All subvolume (and snapshot) trees are reference counted. When a COW operation is performed on a btree node, the reference count of all the blocks it points to is increased by one. For leaves, the reference counts of any file extents in the leaf are increased by one. When the transaction commits, a new root pointer is inserted in the root tree for each new subvolume root. The key used has the form:

Subvolume inode number BTRFS_ROOT_ITEM_KEY Transaction ID

The updated btree blocks are all flushed to disk, and then the super block is updated to point to the new root tree. Once the super block has been properly written to disk, the transaction is considered complete. At this time the root tree has two pointers for each subvolume changed during the transaction. One item points to the new tree and one points to the tree that existed at the start of the last transaction.

Any time after the commit finishes, the older subvolume root items may be removed. The reference count on the subvolume root block is lowered by one. If the reference count reaches zero, the block is freed and the reference count on any nodes the root points to is lowered by one. If a tree node or leaf can be freed, it is traversed to free the nodes or extents below it in the tree in a depth first fashion.

The traversal and freeing of the tree may be done in pieces by inserting a progress record in the root tree. The progress record indicates the last key and level touched by the traversal so the current transaction can commit and the traversal can resume in the next transaction. If the system crashes before the traversal completes, the progress record is used to safely delete the root on the next mount.

Ohad Rodeh presented this reference counted snapshot algorithm at the 2007 Linux Filesystem and Storage Workshop: http://www.cs.huji.ac.il/~orodeh/papers/LinuxFS_Workshop.pdf.

The Btrfs snapshotting implementation is based on the ideas he presented.


Btrfsck

The filesystem checking utility is a crucial tool, but it can be a major bottleneck in getting systems back online after something has gone wrong. Btrfs aims to be tolerant of invalid metadata, and will avoid using metadata it determines to be incorrect. The disk format allows Btrfs to deal with most corruptions at run time, without crashing the system and without requiring offline filesystem checking.

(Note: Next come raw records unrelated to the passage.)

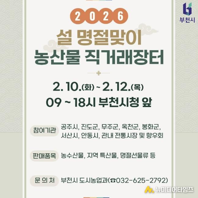 부천시는 설 명절을 앞두고 2월 10일부터 12일까지 시청 정문 앞에서 ‘2026년 설 명절맞이 농산물 직거래장터’를 연다.
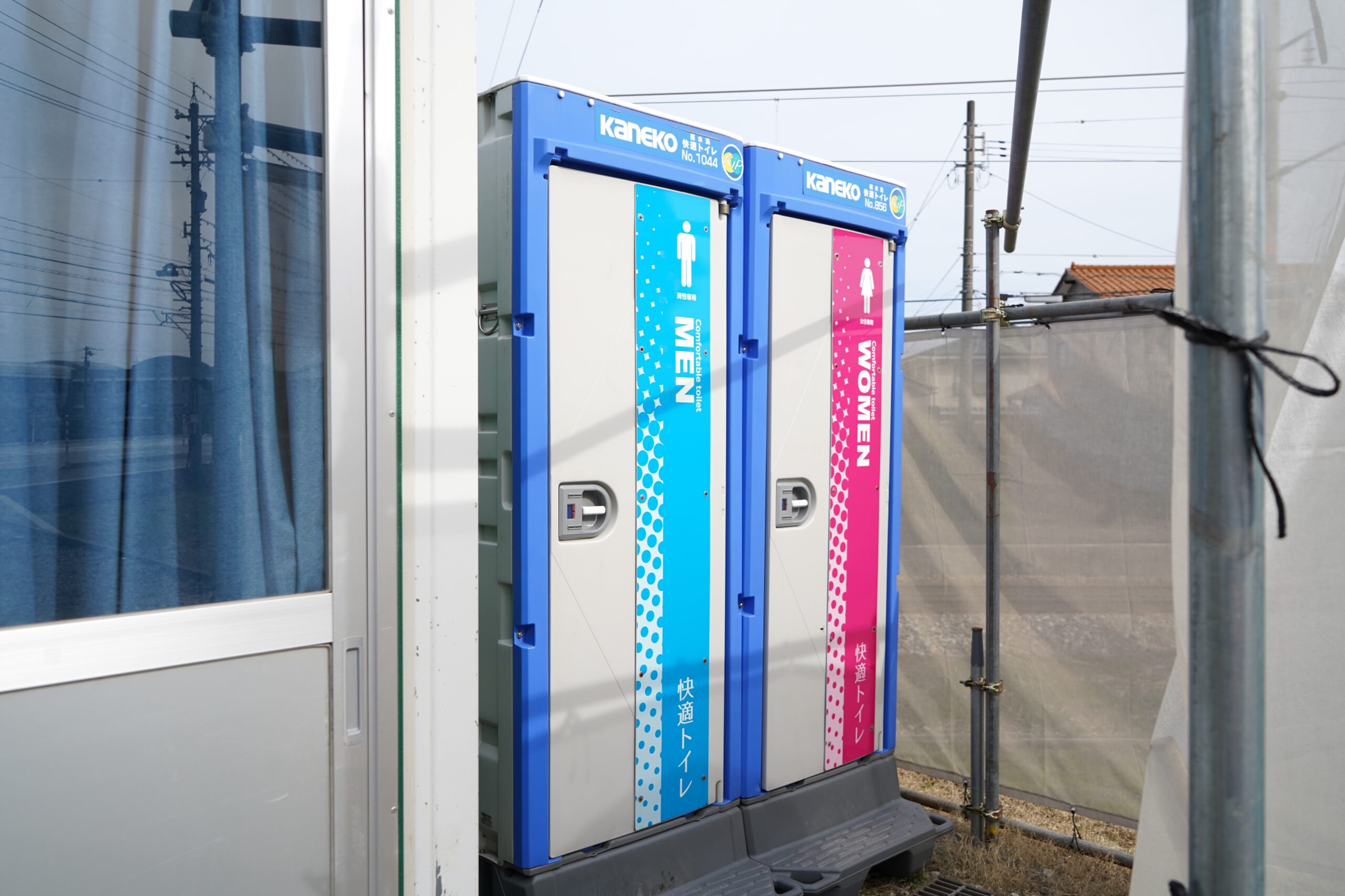 現場事務所横のトイレ。女性専用もしっかりと用意されています。嫌な臭いもない!
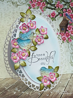 1. Hi Anne, the die set has a plain oval die in it too and what I did was cut that on a folded piece of card to create a card. I then die cut the fancy oval and adhered one with 3D foam to the back of the plain oval card and then one to the front. The 3D foam gave enough depth for the card to open. Then I stamped my sentiment and cut it out with the plain oval die, inked it and then adhered to the front of the card to decorate. Hope that helps, hugs x
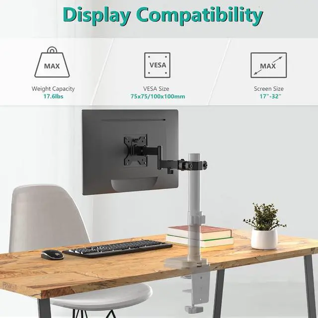 Design: Suit with most desk monitor mount and stand with 1.1 to 2.4inch diameter center pole. Fit one monitor up to 32, 17.6lbs and support with Mounting Holes size 75x75mm and 100x100mm.
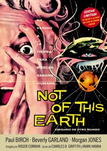Con su casting habitual encabezado por el inquietante Paul Birch, la reina de la serie B Beverly Garland y los siempre divertidos Jonathan Haze y Dick Miller, y cortesía de un guión del vivalavirgen Chuck Griffith (Un cubo de sangre, La tienda de los horrores) y de Mark Hanna (El ataque de la mujer de 50 pies), Roger Corman, el stajanovista del cinema bis, nos ofrece con NOT OF THIS EARTH los 65 minutos de humor negro más trepidantes y descabellados de la ciencia ficción de los años 50. Su mejor trabajo hasta la fecha… Una película de otro mundo.

An offline btrfsck is being developed, in part to help verify the filesystem during testing, and as an emergency tool to make sure the filesystem is safe for mounting. The existing tool only verifies the extent allocation maps, making sure that reference counts are correct and that all extents are accounted for. If the extent maps are correct, there is no risk of incorrectly writing over existing data or metadata as blocks are allocated for new use.

btrfsck is able to read metadata in roughly disk order. As it scans the btrees on disk, it collects the locations of nodes and leaves and pulls them from the disk in large sequential batches. For the most part, btrfsck is bound by the sequential read throughput of the storage, and it is able to take advantage of multi-spindle arrays. The price paid for the extra speed is more ram. Btrfsck uses about 3x more ram than ext2fsck.